- Location: Bogotá
- Country: Colombia
- Denomination: Catholic Church (Maronite or Antiochian rite)

= Our Lady of Lebanon Procathedral, Bogotá =

The Our Lady of Lebanon Procathedral (Procatedral de Nuestra Señora del Líbano ) also called Catholic Maronite Cathedral of Bogotá or Church of Our Lady of Lebanon And alternatively Church of Santa Clara de Assís (Church of St. Clare of Assisi) is the name that receives a temple that belongs to the Catholic Church that is located in the Carrera 8A N ° 98–31 to the north of the city of Bogotá the capital of the South American country of Colombia. The congregation uses the Maronite rite in full communion with the Holy See in Rome.
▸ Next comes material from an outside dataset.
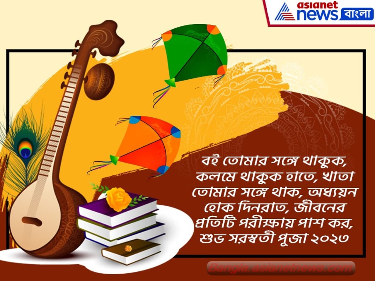বই তোমার সঙ্গে থাকুক, কলমে থাকুক হাতে, খাতা তোমার সঙ্গে থাক, অধ্যয়ন হোক দিনরাত, জীবনের প্রতিটি পরীক্ষায় পাশ কর, শুভ সরস্বতী পূজা ২০২৩

The church is the procathedral or temporary headquarters of the Catholic Maronite Apostolic Exarch of Colombia (Exarchatus Apostolicus Columbiae) which uses a church ceded by the Latin rite Archdiocese of Bogotá and was created by Pope Francis on January 20, 2016 to attend to the needs Religious of the Catholic community Maronite in Colombia that until now had to attend other Catholic churches of Roman or Latin rite.

The temple is attended by Father Fadi Abou Chebel of the Maronite Order Mariamita (Ordo Maronita Beatae Mariae Virginis).